ガロスが口を開こうとした瞬間、ジュリアンが手を挙げて静止させる。
「何も言わなくていい。状況はおおよそ把握している。」
国王は重々しく言葉を続けた。
「王妃が強力な敵と戦うことになり、君たちがその場で全力を尽くしたことは理解している。
鎧の将軍が新手では、君たちにとって荷が重すぎたのも無理はない。」
セバスチャンは、悔しさを滲ませながら言葉を絞り出した。
「ですが、私たちは王妃を守れませんでした……私の力が及ばず……。」
国王は彼ら全員を見渡し、厳かに言葉を紡ぎ出す。
「よい、これ以上誰も責めるな」と、それでも謝罪を続けようとするセバスチャンを静止し、ジュリアンは落ち着いた声で話を続ける。
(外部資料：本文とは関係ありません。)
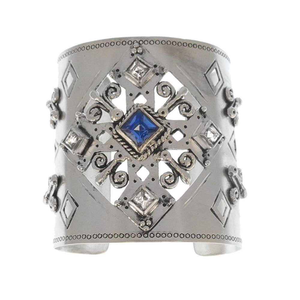 Statement Cuff in silver with open cut design, embellished with Swarovski Crystals, from the Paloma Collection.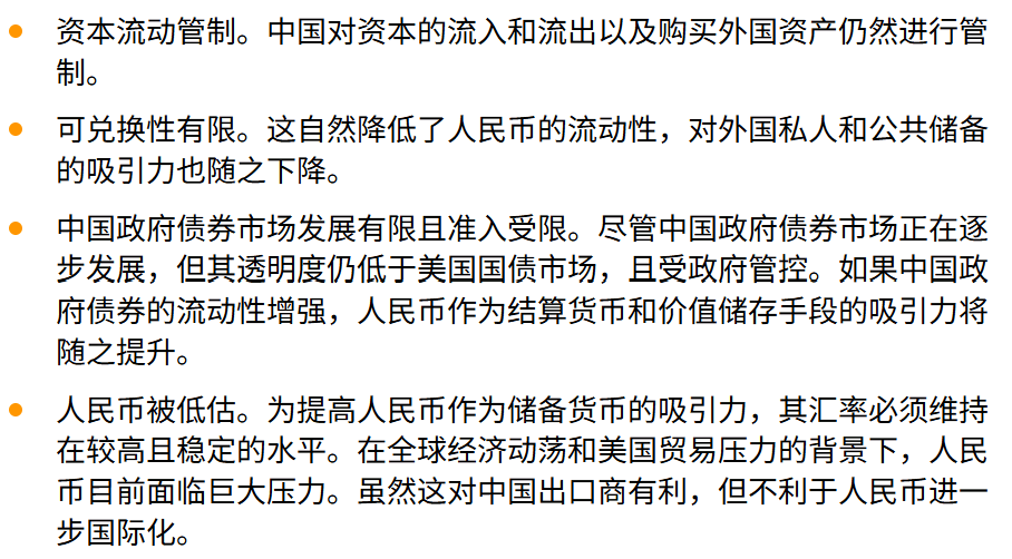 目前仍有诸多限制影响人民币成为完全国际货币: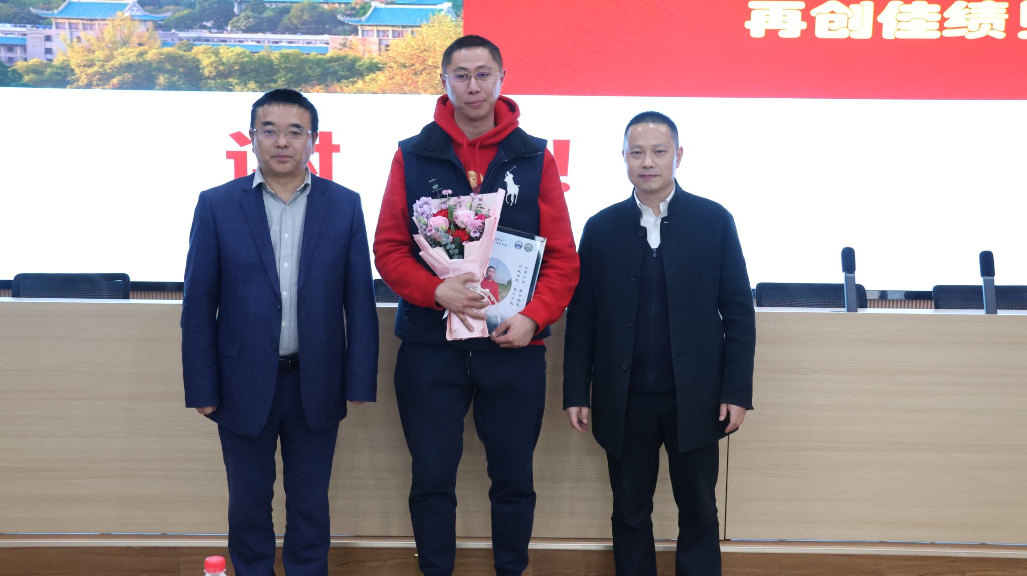 的温权教授上台亮相,表达为学院事业发展贡献力量的决心,罗永宽、张全友送上入职纪念相框和鲜花。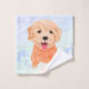 Te encantará este adorable cachorro con un suéter naranja claro sobre texturas salpicadas de color agua. Productos de tocador e invitaciones a la ducha para bebés.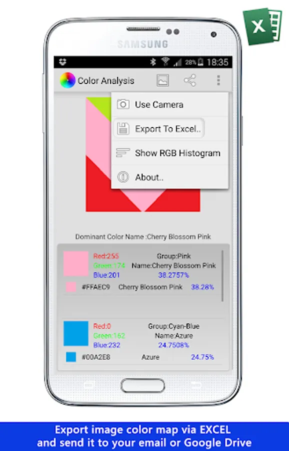 5. Export color analysis results to Excel file over the cloud (Dropbox,Drive) or local storage.

「今回のことは仕方がない。王妃が自らの意志で、君たちを救ったことも承知している。
今大切なのは、彼女を取り戻すために何をするかだ。」
ジュリアンは少しの間、考え込むように天を仰ぎ見た後、彼らを見つめ直す。
「セバスチャン達がどれだけ尽力したか、そして皆がどれほどの犠牲を払ったかも。
テラとの戦いで疲弊しながらも、無事に戻ってきたことを私は評価している。」
セバスチャンは顔を上げ、ジュリアンの言葉を聞いて驚いた様子を見せた。彼は続けて言う。
「君たちはよく戦った。
彼女が攫われたことは私にとっても痛恨の出来事だが、君たちが何もできなかったわけではない。
過去の戦いに囚われることなく、未来に目を向けよう。」
国王は優しい眼差しでセバスチャンを見つめた。
「疲れただろうから、少し休んで。そして、次の戦いに備えて、再び力を貸して欲しい。」
とジュリアンは彼の肩に手を置き、優しく言った。
セバスチャンは深く頭を下げ、彼の言葉に感謝しながら、王妃のために戦う覚悟を固めたのだった。